Date: Mon, 28 Nov 1994 13:37:11 -0500
Message-Id: <199411281837.NAA15517@lysithea.lcs.mit.edu>
From: "Karen R. Sollins" <sollins@lcs.mit.edu>
To: uri@bunyip.com
Subject: going too far?
I am concerned. We need to walk a fine line. I don't think we have
stepped over it, but I see us inching closer to it, and we need to
understand better where the boundary is. The problem is actually 2
problems. First there is the question of how much background material
needs to be in a document vs. how much the author can assume readers
will either know or learn if they feel the need or interest. (For
that we provide references in our documents.) Second, there is the
problem of availability of the documents.. Consider each problem
separately.
About how much should be in a document. For at least some audience
probably larger than 1 but not the whole world, or even the whole IETF
membership, in general one should not need to read references to
understand the gist of a paper (internet draft). But there may be
cases even there. For esoteric details of the frutzel transport
protocol I will certainly need to read the spec if I want to know them
- I simply don't know them all, off-hand. I might also trust certain
people in the community to represent the fruzel prototol fairly to me,
but even so, I expect them to give me hints as to why they might take
a particular position on how to caste frutzel addresses into URLs.

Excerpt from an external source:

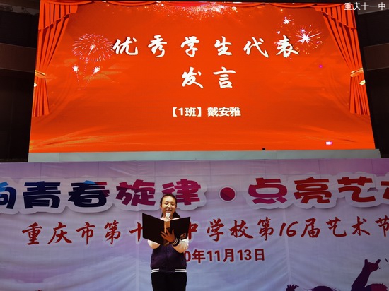 大会进行最后一项,优秀学生代表戴安雅同学进行发言。她是数理化三科均为年级第一、总分年级第一的优秀学生代表,对于青春与学习,她也有自己的认知与看法。戴安雅同学提出“担当”、“心态”与“勤奋”三个关键词,认为我青少年肩负“为国家栋梁,撑国家脊梁”的时代任务,需要用奋斗的甘霖润泽青春之花。在最美好的年华,心态平和、视学习为成长的利剑、视勤奋为护身盾牌,重视学习方法、为自己的未来负责。

For someone coming new to the working group or a student of mine who
wants to join this fray, there will be perhaps more background reading
in order to fully understand the documents being circulated in our
group.
Now, comes the question of where to find the description I need to
understand the frutzel transport protocol. By providing URLs we are
now doing something that is different from what we have traditionally
provided for readers. Traditionally, references provided an
identifier that allowed the reader to resolve it in some local,
context sensitive way, but provided an identifier that was extremely
long-lived (think about URNs here:-). We now see a move toward
providing location information in potentially long-lived documents (eg
published in journals and magazines and probably books, but especially
online documents). We of all people ought to understand that that is
a bad idea. We should *NEVER* be putting URLs into documents. We are
misusing URLs in ways that having for the last year at least been
causing people outside our community to believe that we don't
understand why they shouldn't be used as long-lived identifiers. We
must work extremely hard to eradicate that behavior first in
ourselves, and hopefully in the community at large.
For the present we don't have some widely accepted way to provide
locators (ie translation services, URC storage and provision services,
whatever you want to call it - the things that translate long-lived
identifiers, URNs, into locations, URLs).